Microwave powered electrodeless lamps have been used in various industrial processes for generating ultraviolet light used to cure materials and/or in other manufacturing processes. The electrodeless lamps have the desirable characteristic of a long life, with unchanging light spectrum, as well as a high-intensity light output. These lamps are excited by microwave energy generated by a magnetron which was originally intended for use in microwave ovens. The conventional microwave generating magnetrons include an output antenna which is coupled via a waveguide structure and perhaps an isolator to such an oven or to an electrodeless lamp which terminates one end of the microwave waveguide structure.
Applications for the electrodeless lamp outside the industrial processing technologies are currently being developed. One application requiring a high intensity visible light source includes projection television systems. In these systems, a source of white light is filtered into the primary red, green and blue colors. The separated colors are modulated by a light valve panel with a video signal representing the red, green and blue content of a video image.

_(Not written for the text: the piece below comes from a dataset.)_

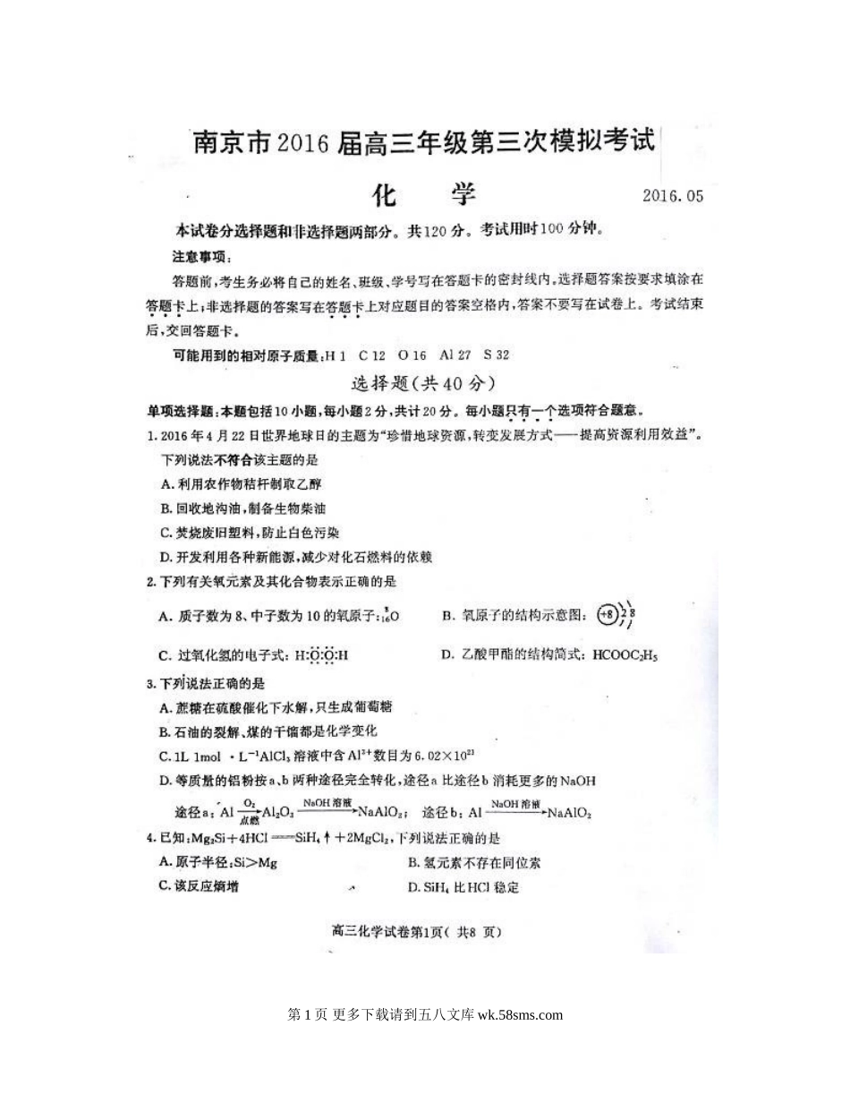2016年南京市高三三模化学试题及答案.doc_第1页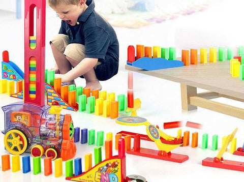 Fill the cartridge and start the train to lay the dominoes. All the dominoes are brought together to help create the coolest dominoes you can imagine. Rack them up and knock them down.

The modulated monochrome images are recombined in a dichroic mirror structure to form a single color image. The resulting color image is projected to a display screen using a projection lens.
These consumer applications for electrodeless lamps impose space and weight limitations not found in the earlier industrial applications on the light source. Hence, it is desirable to provide for coupling of the lamp to a microwave source with a minimal amount of microwave waveguide structure and/or coupling devices such as isolators, which burden the system with their weight and size requirements.
In order to derive the required light output from the electrodeless lamps, it is necessary to match substantially the impedance presented by the electrodeless lamp to the output of the magnetron power source. The need to remove the size and weight imposed by the waveguide structures and coupling devices of the prior art is accompanied by a need to maintain the impedance match between the electrodeless lamp and microwave source. Any substantial mismatch will not only deliver less power to the electrodeless lamp, which is converted to luminant energy, but will also create standing waves which, depending upon their phase, can shift the frequency of the magnetron source, further mismatching the electrodeless lamp to the source, and commensurately reducing the available light output.